• **WORK ORDER**: In the listing below, count every line that contains "СССР". Give nothing but the number.

• **DATA FOR THIS TASK**:

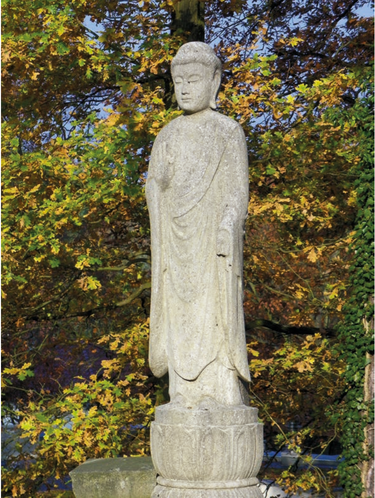
Abb. 1: Buddha-Statue auf der Stüpa-Terrasse hinter dem Tempel, 2010
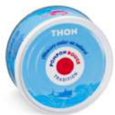
AMBIANT THON ENTIER NATUREL OF 1/6 Code: 201500
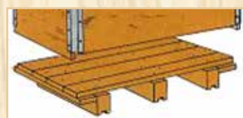
Q06 - Q07 - Q08: fondo in tavole spessore 2 cm., con inforcamento a quattro vie.
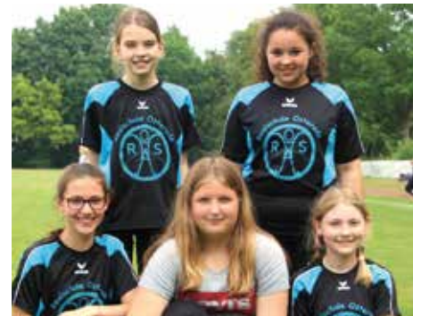
2. Platz - RS Röddenberg - Die Vier
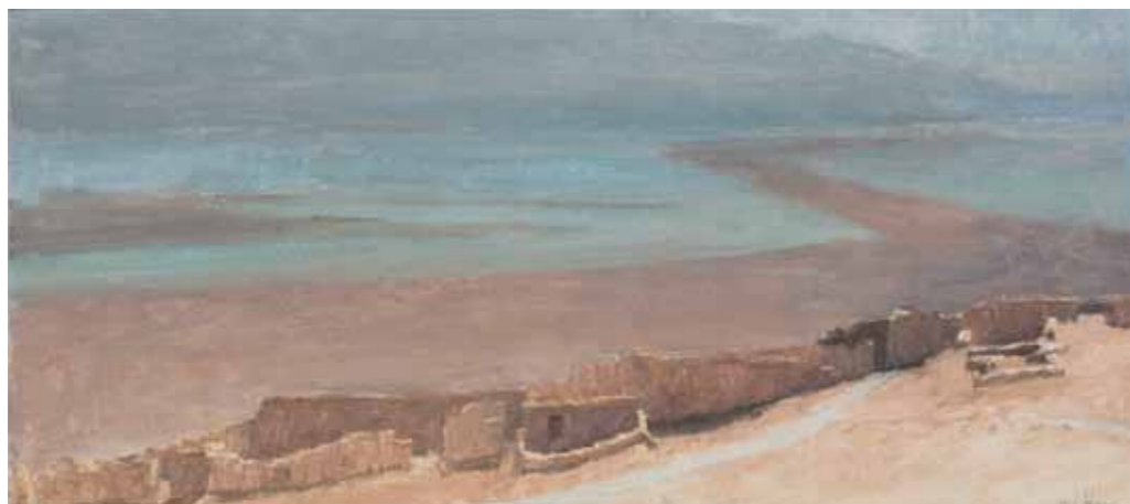
Kanaim's Dwelling Oil on canvas 19.5x44cm
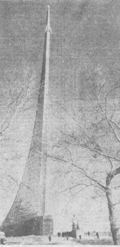
На снимках: слева — обелиск в честь покорителей космоса на проспекте Мира в Москве. Справа — летчик-космонавт СССР, Герой Советского Союза (в первом ряду слева направо): А. Г. Николаев, П. И. Белая, В. В. Николаев-Терешкина, В. Ф. Быковский, П. Р. Попович, Г. С. Титов (во втором ряду): К. П. Феонистов, В. В. Волынов, Е. В. Хрунов, Г. Т. Береговой, В. А. Шаталов, А. С. Елисеев, А. А. Леонов и Б. Б. Егоров.

БЕСЕДА С ЛЕТЧИКОМ-КОСМОНАВТОМ СССР Г. Т. БЕРЕГОВЫМ
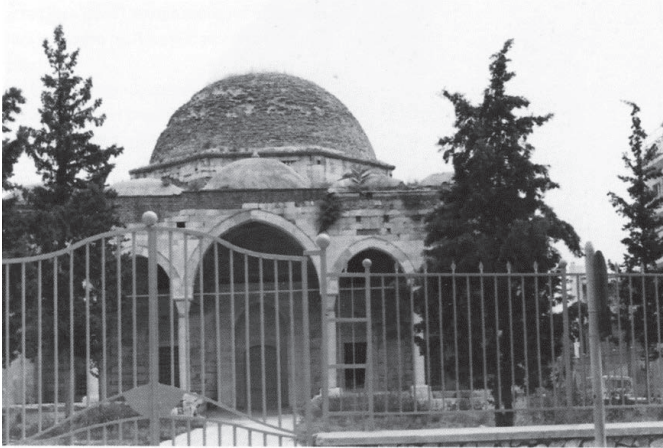
Το Σιντζιρλί τζαμί

Βρίσκεται στην οδό Ανατολικής Θράκης των Σερρών, είναι αξιόλογο οικοδόμημα με βυζαντινή τεχνοτροπία. Δίνει την εντύπωση χριστιανικού ναού με τα τρία κλίτη του και με άμβωνα παρόμοιο με αυτόν που υπήρχε άλλοτε στην Παλαιά Μητρόπολη Σερρών. Το μνημείο αυτό, αν συντηρηθεί, μπορεί να χρησιμοποιηθεί
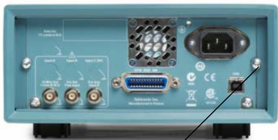
место пломбирования фотография 3 – задняя панель моделей FSA
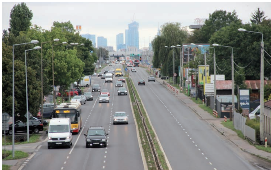
Aleja Krakowska „droga gminna”.
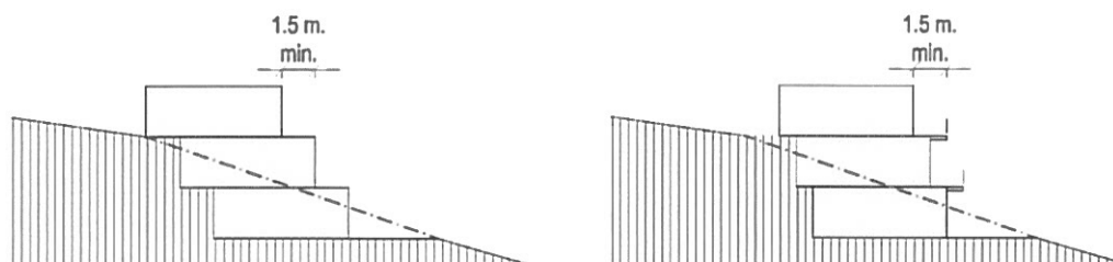
Figures 1 et 2 : bâtiments échelonnés ou en terrasses à 3 corps

Les dispositions suivantes sont à respecter impérativement dans les zones d'affectation suivantes :
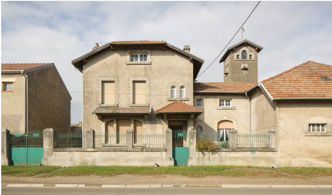
Habitation, Eton (55), 2015
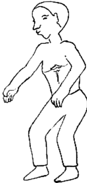
Schéma n°1 : -Danseur en doople
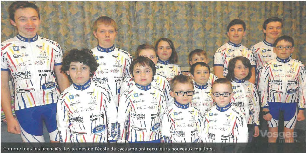
Comme tous les licenciés, les jeunes de l'école de cyclisme ont reçu leurs nouveaux maillots.

Née de la fusion des clubs cyclistes Contrexéville, Mirecourt et Vittel, l'UCCMV a maintenant ses propres tenues, travaillées avec un équipementier des Hautes Vosges. Elles ont été distribuées aux sportifs.
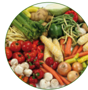
8 - 10 Portionen Gemüse
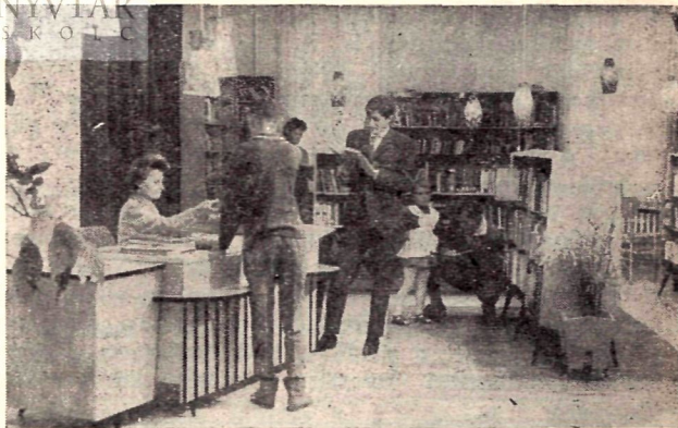
Részletek a farkaslyuki könyvtár kölcsönzői teréből

ugrásszerűen emelkedik a forgalom. A dolgozók szívesen keresik fel és sokkal több időt töltenek olvasással helyben is, mint a rendkívül mostoha körülmények között működő régi könyvtárban. De nemcsak az olvasók keresik fel, hanem tapasztalatsere céljából a megye különböző üzemeiből gyakoriak a látogatások.
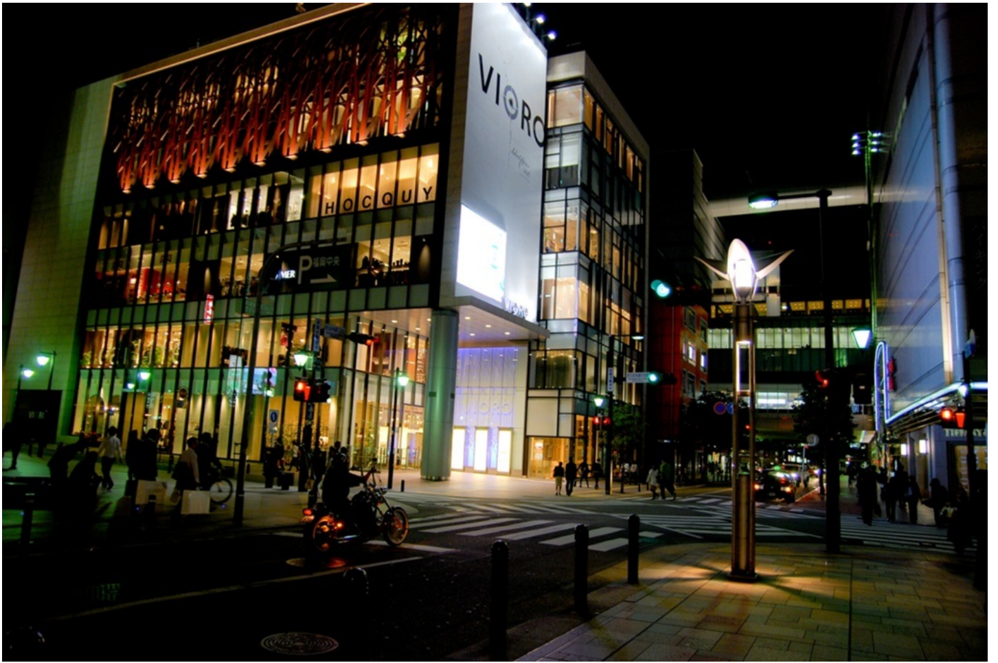
おしゃれで綺麗な街、天神。 九州一という名は誇大でない。
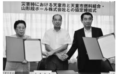
▲万が一に備えてさまざまな分野で災害協定を締結
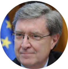
ENRICO GIOVANNINI PRESIDENTE

• **EXERCISE SOLUTION**: 2